Почесал Трофим седую бороду и говорит:
– Пожалую тебе справного коня, что незазорно перед самим царем появится, а ещё хорошее вострое копьё и ружье. Поедешь со мной?
Загорелись глаза у Митьки, руки чешутся, отвечает:
– Поеду, Трофим Кузьмич.
– Ну тогда, завтра на рассвете жду тебя. Не опаздывай!
С вечера принялся собираться Митька, приметила Анна приготовления парня, говорит:
– Не ходи на охоту, Митя, чует моё сердце не ладное.
– Привезу добытого вепря, пусть царь подивится моей ловкости.
– Останься дома Митя. От этого Чернобрюхого доброго не дождешься, что-то злое он задумал.
– Как только стану настоящим боярином, отдаст тебя отец замуж за меня.
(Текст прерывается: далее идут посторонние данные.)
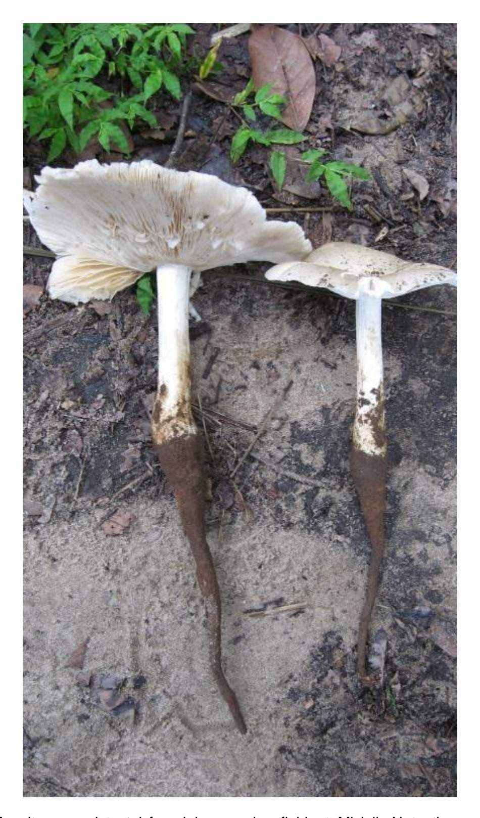
Fig. 6. Termitomyces letestui found in a maize field at Mislaji. Note the underground pseudorrhiza, a root-like extension of the stipe, connected to the fungus comb in an underground termite nest.

Tricholomataceae: Only at Mislaji we found several species of the conspicuous termite mushroom Termitomyces letestui in agricultural fields nearby termite mounds (see Fig. 6). This tropical genus is typified by its symbiotic life together with termites. The local communities recognised four Termitomyces species according to Härkönen et al. (2003).
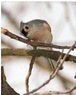
Tufted Titmouse (comical)
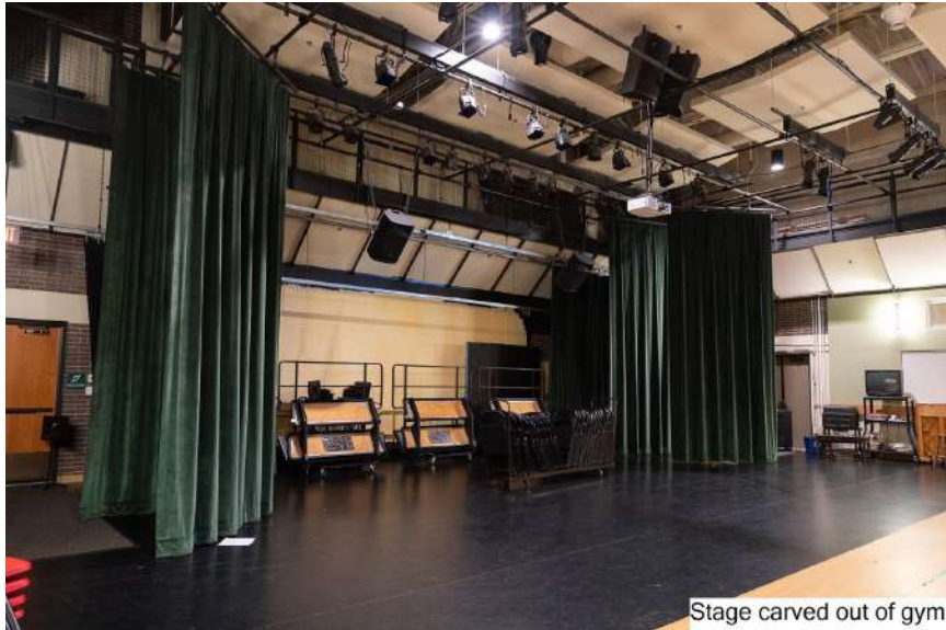
Stage carved out of gym
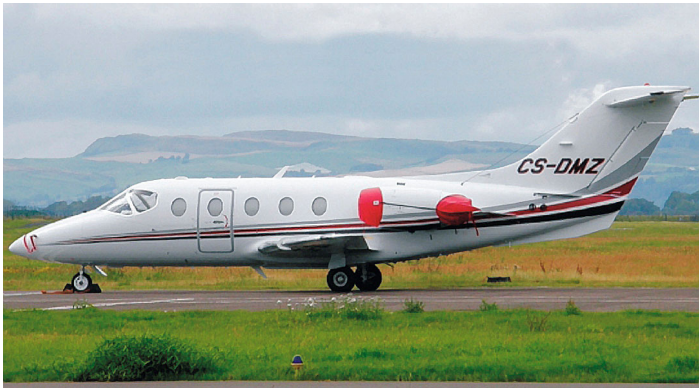
Beechjet 400 Engine & Pitot Covers

The Hawker Beechcraft Beechjet 400, Hawker 400XP (T1A, T400 Jayhawk) Intake Covers are designed to install easily yet be completely storable. A spring steel hoop is sewn into the hem of each cover, allowing them to be installed without climbing onto the wing or using a stepladder. To store the covers the spring steel hoop folds like a band-saw blade into three nesting rings. Each cover folds into a compact circular bundle which is stored in the included duffel bag, yet they unfold quickly for use. The Tri-Fold Ring cover is made of medium weight nylon which is available in a variety of colors to match the paint trim. Each cover set comes complete with installation and folding instructions. The aircraft's registration number can be silkscreened onto the cover for an extra charge.
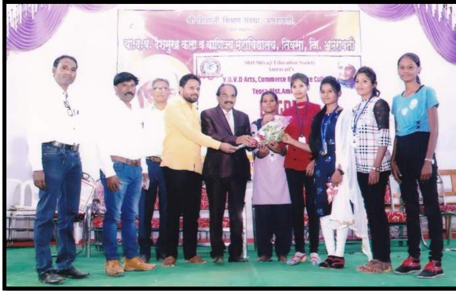
Prize Distribution Ceremony

– Ладно, решил, стало быть, езжай. Но только прихвати с собой голубка из моей голубятни, если что-то с тобой приключится, выпусти его на волю, он вернётся, и я всё пойму.
Взял птицу Митька и упрятал под кафтан. Лишь только заря утренняя окрасила крыши домов, выехали всадники на охоту. И вскоре забрались в дикий лес, темно, даже солнышка не видать. Кругом болото топучее, ельники дремучие, не пройти не проехать ни пешему, ни конному. Тут почуяли собаки кабанов, и с лаем погнали их в самую чащобу, а охотники спешат за ними, не отстают. Долго пробирались всадники, да всё никак не подберутся к зверю. Остановились на лужке дух перевести, да нежданно, схватили Митьку слуги Чернобрюхова, связали ремнями крепкими и отвезли к старому дубу на поляне. Сунули парня в тесное дупло, а вход стальной решёткой загородили, и на прощанье сказали:
– Прости нас, крестьянский сын, но мы люди подневольные, нам, что повелели, то мы и сделали. Ослушаться не можем, Чернобрюхов с нами строг, почитай каждый божий день за чубы таскает.
– Воля ваша, вам с вашей совестью жить, а не мне.
На том и разошлись. Слуги отъехали по лесной тропинке, а Митька остался один. К вечеру, потихоньку-полегоньку, освободился он от пут, да сразу выпустил голубка на свободу, и молвил на прощанье:
– Лети птица вольная в небо ясное, поведай своей хозяйке о беде, что со мной приключилась.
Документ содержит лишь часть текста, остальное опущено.